Your weekly reminder that Topps doesn’t care

Your weekly reminder that Topps doesn’t care

I didn’t realize until a few days ago that Topps had released its Archives brand.

I don’t know how anyone keeps track. The archive’s arrival is a week, maybe two, after Allen and Ginter’s arrival. And that came shortly after Topps Holiday debuted, which seemed to be released pretty much on top of Topps Update.

All of this came after months of almost no new releases at all – or none that the average plebe collector (that’s me!) would notice.

This doesn’t seem very consumer friendly. I can’t focus on four new products coming together around the holidays if my money is tied up finding gifts for others. But I’m sure Topps/Fanatics wouldn’t care. This release schedule is probably the best way to ‘maximize profits’, which seems to be the only goal in business these days.

So no, I haven’t had time to buy any archives. And no Allen & Ginter either. I decided to pass on Holiday and I secured Update with one purchase of the Dodgers team set. This means I needed the interwebs to show me this:

As Charlie Brown would say in “A Charlie Brown Christmas”: I can’t stand it.

Here, Carl Yastrzemski’s 2025 archive card is misspelled… twice. YASTZRESMKI is not his name.

We just discussed this with Archives last year (well, earlier this year), when the 2024 set spelled out poor Carl’s name in the same way.

I don’t even know how they came up with that combination of letters. It takes all the concentration I can muster to spell it like that – wrong. But apparently the people who work on Archives think that’s how it’s spelled, because here it is, spelled exactly the same incorrect way for the second year in a row.

It’s baffling that someone didn’t bother to double check the name by doing a simple online search. It’s clear that people there aren’t that familiar with the player. Wouldn’t you do that just to be sure? He has 11 letters in his last name!

But it’s even more baffling because I just posted in February about Topps’ problems with the name. And there was that hiccup with his grandson’s name in 2022. Not only that, I wrote a whole article in a national magazine about misspelled names on cards. And the Yastrzemski problem led the entire article!

Get the name right, Topps!

See, here’s part of the article with both the Mike Yastrzemski and Carl Yastrzemski errors pictured. The spelling errors are different on each card.🤦:

No, I don’t expect a blog post or magazine article to impact an industry in the same way it used to. I’m sure no one at Topps has read these things. And that’s part of the problem.

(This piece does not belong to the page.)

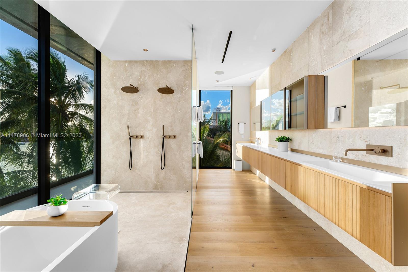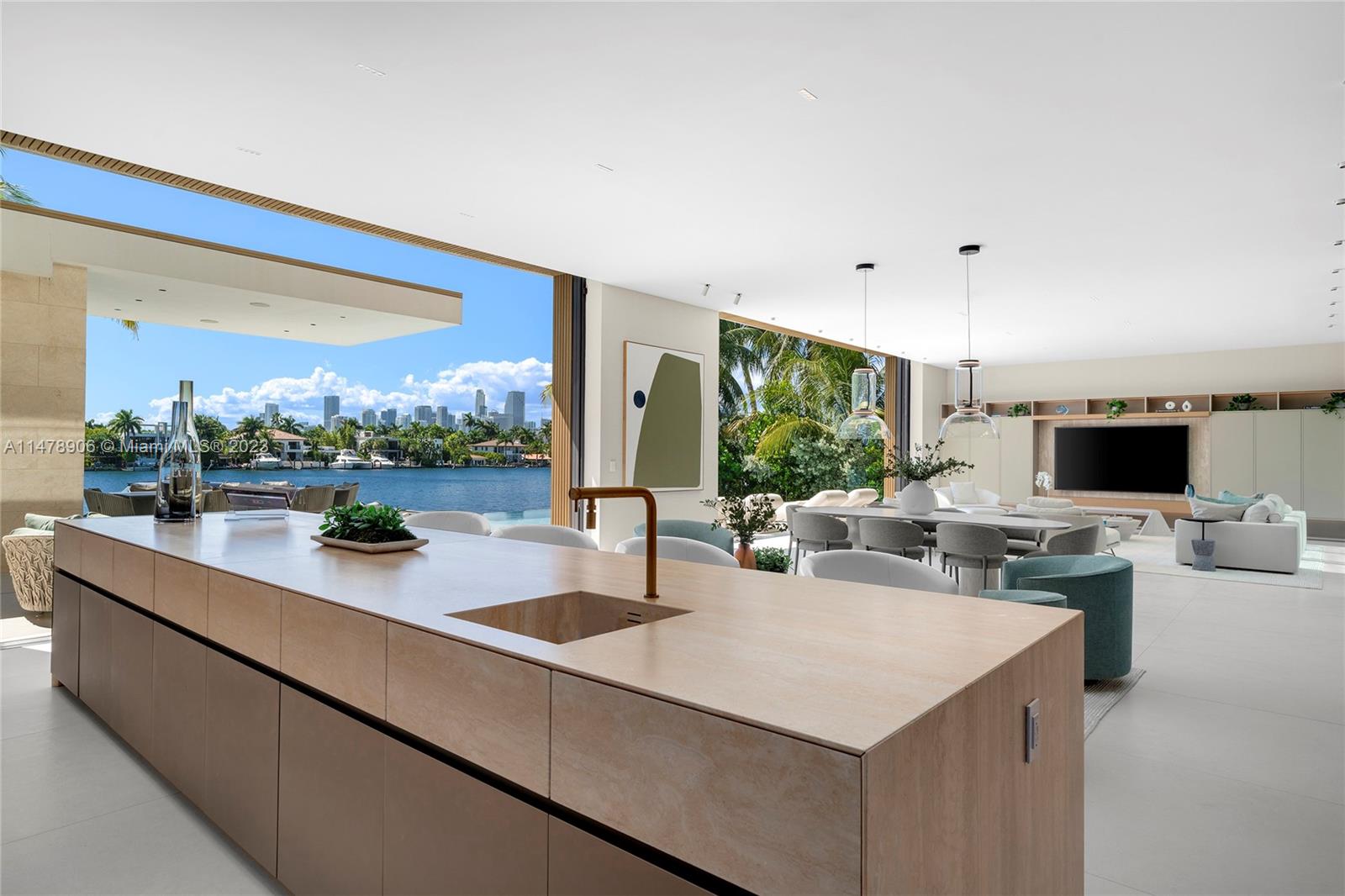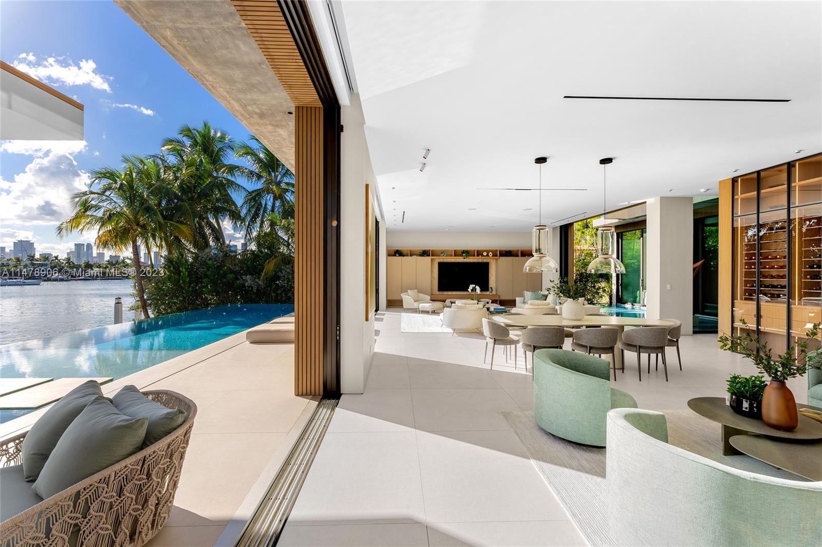 This 2-story, Ralph Choeff designed waterfront estate on guard-gated Hibiscus Island truly epitomizes luxury living in Miami Beach. Property boasts 7BR/7+1BA, sitting on a meticulously landscaped 15,750 SF lot, w/panoramic vistas of the iconic Miami skyline. Inside, the residence showcases impeccable interior design, soaring ceilings, & floor-to-ceiling telescoping glass doors that flood serene natural light while bringing the outdoors in. The expansive Great Room seamlessly integrates a family/media room, dining area, & chef's kitchen, all w/captivating water views. The 2nd story principal suite offers a terrace overlooking the waterway with city views and a beautiful plunge pool/spa. Outdoor spaces are a tropical oasis w/infinity pool, private dock for large vessels & easy ocean access.

Topps cares so little about the things traditional collectors care about that it doesn’t bother to get the details right – even details about a Hall of Fame player who the company once had no problem spelling throughout his career. In my article above, I quote a quote from Mike Yastrzemski when Topps misspelled his name in 2022. Mike said: “I actually thought it was really funny.” I wonder if it’s still funny the second and then the third time.

Topps, I mean, Fanatics, cares about some things. These are breakers and flippers. It cares about what they think and what they want and how much money they have. Apparently there is no room for anything else, not for the collectors who have put 40, 50, 60 years into this hobby and mostly with Topps.

Maybe I’m wrong about that. But how can I think otherwise? As someone who has spelled Yastrzemski’s name phonetically in my head (Yast-r-zemski) since I was a child trying to write it down correctly, that’s all I can conclude. Misspelling a player’s name over and over again is sloppy, which is an indication that you don’t care, at least where I come from.

And that’s why I didn’t actually buy Archives. Or Allen & Ginter. Or vacation. Or update.

Because Topps/Fanatics doesn’t care about me.